For Germans, this sketch has become synonymous with British humour as well as with a bygone era of tradition. In an article in The Guardian on the phenomenon that is Dinner for One, Stefanie Bolzen writes, “Germans still have a stereotypical idea of British society being divided by class, with an establishment made up of eccentric individuals lost in a forlorn past.” But many of its unsavoury references to British colonialism go unnoticed by Germans — a feature that may be part of the reason why the sketch never quite caught on in its home country. The tiger skin rug, in particular, acts as a key comedic device, repeatedly tripping the hapless butler, James.
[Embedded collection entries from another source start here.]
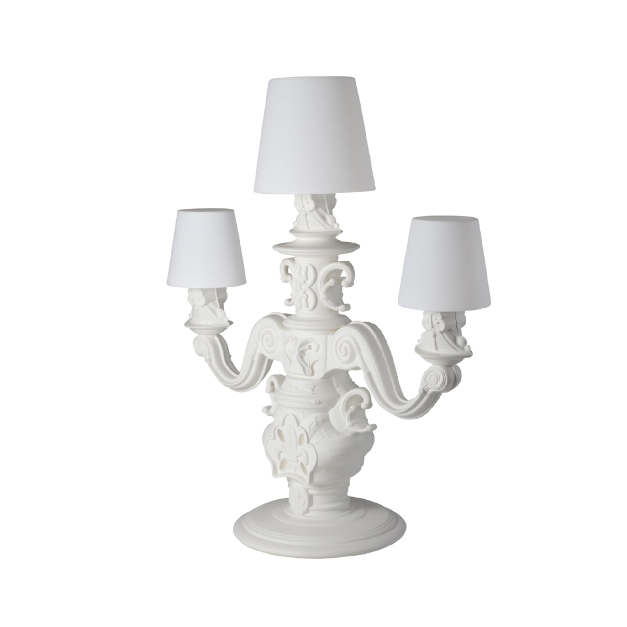 La lampada da terra King of Love è una maestosa creazione di Slide, realizzata interamente in polietilene riciclabile 100%, materiale ammirato per la sua versatilità, resistenza e longevità. La base della lampada è in stile barocco, mentre i tre ampi paralumi bianchi luminosi sono impreziositi da una texture di motivi classici, per ottenere un decoro raffinato, elegante e piacevole al tatto. Questa bellissima lampada da terra è disponibile in varie colorazioni e ciò la rende abbinabile a qualsiasi tipologia di arredamento, sia nelle ambientazioni indoor, sia in quelle outdoor: che sia posizionata in un giardino con piscina, all'entrata di casa oppure in terrazze chic, King of Love dimostra come il design possa essere sia audace che versatile. Lo stile ironico e pop dell’intera collezione della Design of Love caratterizza fortemente anche questa lampada da terra dalle dimensioni imponenti. La lampada da terra King of Love è senza dubbio la testimonianza della passione per il design che caratterizza il marchio SLIDE. Design di Moro & Pigatti per Slide.
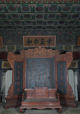 “中正仁和”匾為雍正帝禦題。屏風上“保泰常欽若、調元益懋哉”聯為乾隆帝禦題。
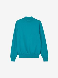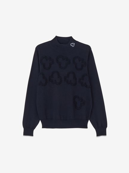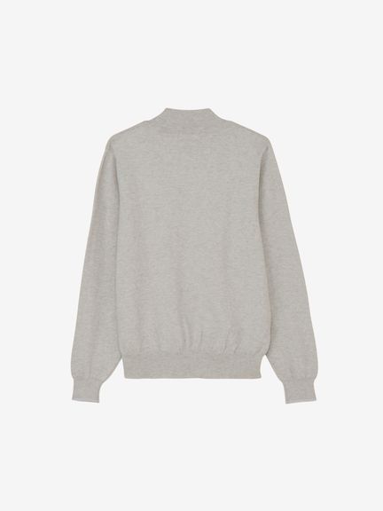 肌触りが心地よいニット。着脱や動きやすさに配慮したマルチストレッチを有しています。コットン糸にブレンドした僅かなウール糸(カシミヤ)が滑らかな肌触りとウォーム感をプラスします。また家庭洗濯が可能なイージーケアな点も嬉しいポイントです。フラットな天竺編みとパイル編みのロゴの対比が魅力。着回しの便利な無地のデザインですが、凹凸感のある表情がテクニカルなこだわりをのぞかせます。シンプルな見た目ですが、高級感のあるニットセーターが大人の上品なスタイリングを演出します。
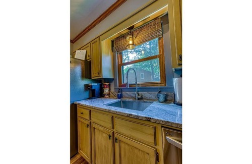 “Stayawhile" cabin offers over 1400 sq ft including large uniquely decorated and cozy great room with 75" high-definition TV with surround sound. The great room opens up to a well appointed eat-in kitchen with all new appliances including an induction cooktop, top of the line Le Creuset cookware, a Keurig, and all matching tableware and glassware. The main bedroom boasts a wrought iron king size bed with pillow top mattress and adjoining full bath.
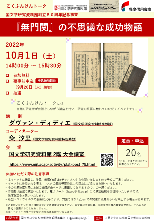 • 参加者は抽選で決定いたします。電子メール(jigyou@nijl.ac.jp)にて決定通知を御連絡いたしますので、受信設定をお願いいたします。
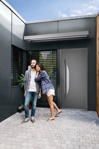 Porte d'entrée AZUR aluminium contemporaine petit vitrage
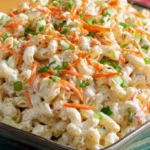 3. Combine Ingredients: In a large bowl, mix the cooled macaroni, grated carrot, diced onion, diced celery, and chopped green onions.
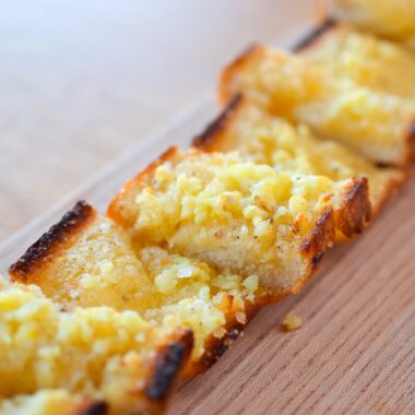 När vi äter skaldjur på det ena eller det andra sättet så brukar vi göra eget vitlöksbröd. Det är så mycket godare och det är busenkelt att göra själv 🙂
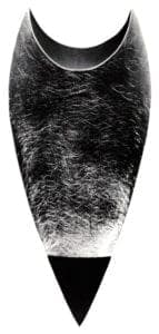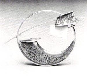For example, one brooch, Stonehenge, consists of two large angular and asymmetrical "U" shapes, the top "U" silver and the bottom purple-heart wood laminated together. Another is an elongated Urn made with a combination of mirror-finished, beveled silver that curves out into a crescent and angles down to a section of oxidized silver; polished to catch the light before it is laminated to an ebony tip. Also of silver and ebony, her large, magnificent Antelope Brooch, looks somewhat like a medieval crusader's banner. Finned Skeet, and Skeet Brooch, although their antecedent is the clay target used in trapshooting, carry allusions to Scandinavian ritual objects. Earrings take the shapes of Roman arches, flat fish and arrowheads. The one bracelet in the exhibit. Leaf Bracelet, is made entirely of silver and is a circle of ring-connected, overlapping leaves, which ingeniously popup when on the wrist.
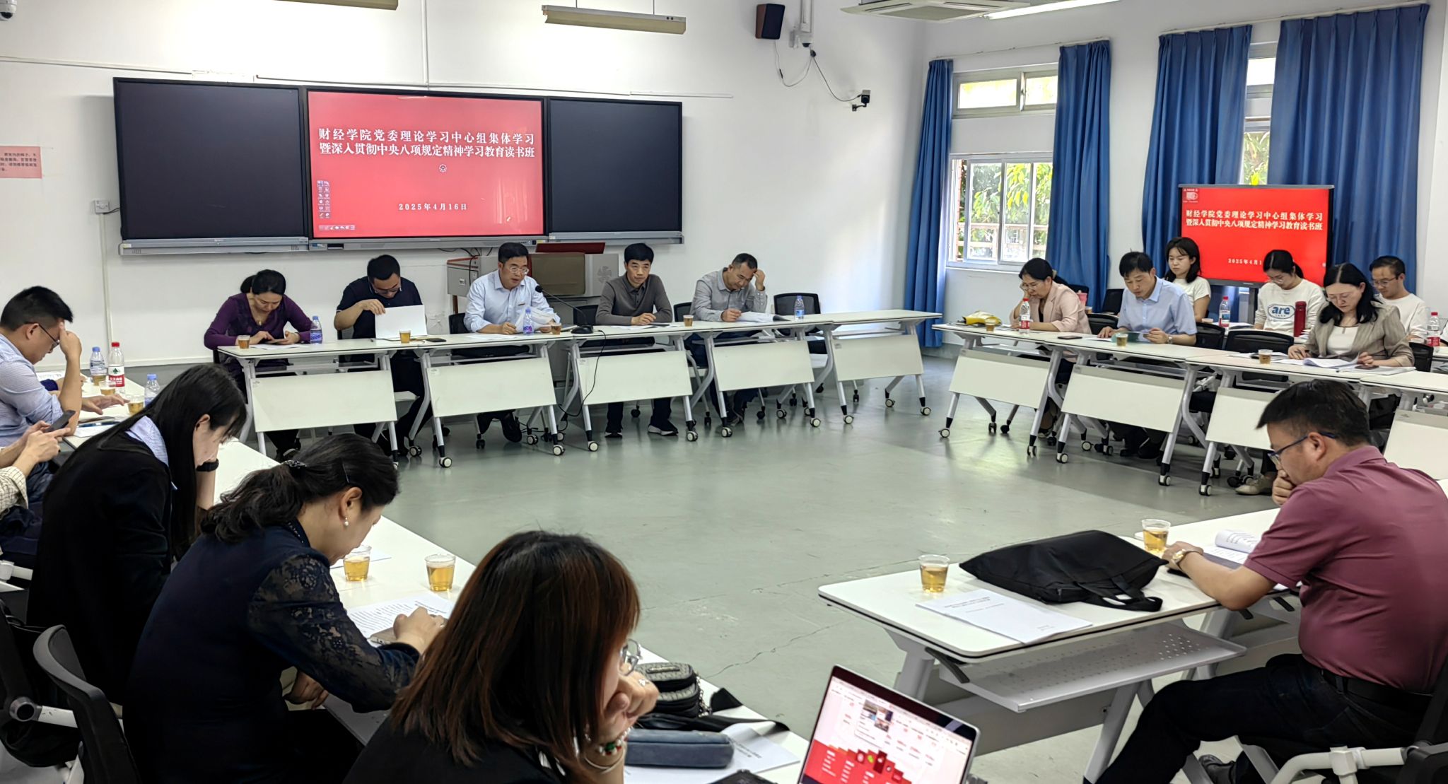 4月16日下午,财经学院在文津楼205组织党委理论学习中心组(扩大)学习会暨深入贯彻中央八项规定精神学习教育读书班。学院党委理论学习中心组全体成员、各系主任、各党支部书记、科级干部参加。会议由学院党委书记吴星旭主持。
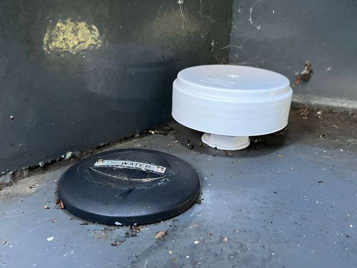 Originally the filler (black) and breather (white, covered in black sealant) looked like this. The breather was an open pipe with no fly screen, with two bits of different sized pipe held together with sealant, and the filler was a rigid plastic PVC waste pipe. There was also a lot of exposed metal around the skin fittings which needed protecting from rust.
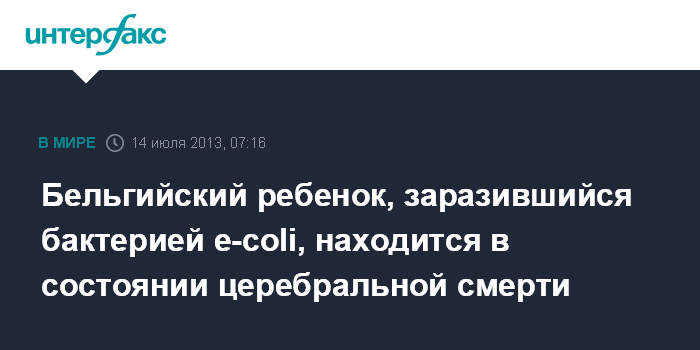 Бельгийский ребенок, заразившийся бактерией e-coli, находится в состоянии церебральной смерти
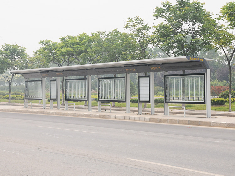 公交車候車亭一般是與公交站牌相配套的,為方便公交乘客候車時(shí)遮陽、防雨等,在車站、道路兩旁或綠化帶的港灣式公交停靠站上建設(shè)的交通設(shè)施。由于城市公交的日益發(fā)達(dá),候車亭已發(fā)展成為城市一個(gè)不可或缺的重要組成部分,設(shè)計(jì)精美的候車亭也成為了城市一道美麗的風(fēng)景。 一般候車亭棚體主要頂棚、立柱、頂弓、廣告燈箱和坐凳組成,也有用隔板來代替廣告燈箱的。
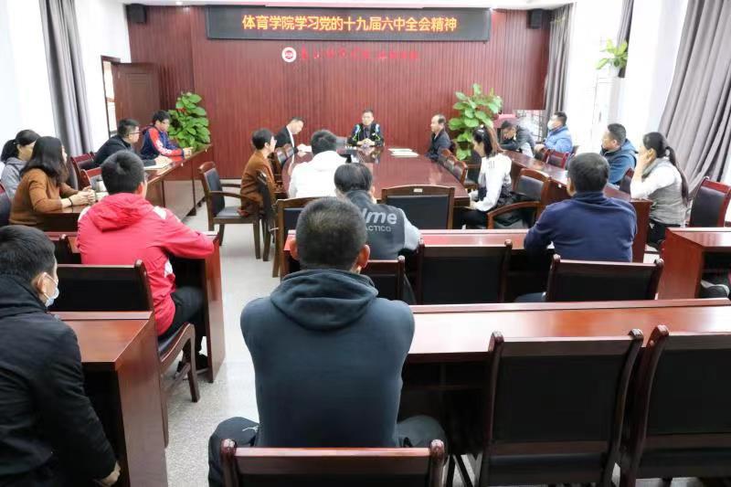 1122午,伟利体育馆二楼会议室召开体育学院党委理论学习中心组学习会议,深入学习贯彻党的十九届六中全会精神,会议由学院党委书记卢进民主持,院领导、各党支部书记参加129日,在伟利体育馆二楼会议室召开全体党员会议,深入传达学习党的十九届六中全会精神。
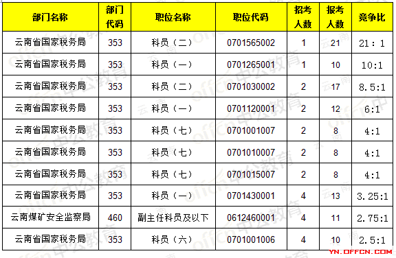 截止15日17時,招錄比例的職位為云南省國家稅務局,職位代碼是0701565002,招錄1人,通過人數21人,競爭比21:1 。

Many a Briton may read this as an unmistakable relic of big game trophy hunting during Britain’s colonial rule if India. All that’s missing is a pith helmet and a Brown Bess musket. The serving of mulligatawny soup is a more subtle reference; having originated in Tamil Nadu, the dish has since become a mainstay of British cuisine. Much of this colonial reference is lost on most Germans who have a limited relationship with British colonialism and with the colonial period in general despite German attempts — they failed — to create colonial outposts in Africa and Asia.

There are innumerable permutations of Dinner for One, from a colourised version to a puppet version for children called Dinner für Brot (Dinner for Bread). There are cookbooks, theme restaurants, and even a commemorative stamp inspired by the show. German fans have variable ways of celebrating the comedy each year, from replicating the dinner served to emulating James’ tippling in the form of a drinking game. According to one German I spoke to, Dinner for One’s popularity can be neatly attributed to the sketch being “about alcohol, and [Germans] all like to get drunk.” But it might be more than that. New Year’s parties, or parties in general, often fail to meet ambitious expectations. “No matter how many people we meet, there’s never enough for a party. Dinner for One is a party for 2 thanks to the butler’s antics,” one viewer explained to me. Or maybe the tradition is a fond memorial for friends and family who can no longer join us for the celebrations we cherished with them — a kind of “Auld Lang Syne”.

The popularity of Dinner for One may be best understood as a simple affinity for tradition. Repetition is the main comedic mechanism and the sketch itself is in many ways about repetition. The same slapstick jokes are played throughout, varied by the butler’s increasing drunkenness — the tripping over the tiger skin rug, the toasts of each imaginary character at the table, the famous call and response between James and Miss Sophie about honouring the “same procedure every year.”

There is something charming about the predictability of the humour, which is evident early on in this short comedic work. No matter how chaotic our years are, it is comforting to know that there will always be the same procedure. Every year.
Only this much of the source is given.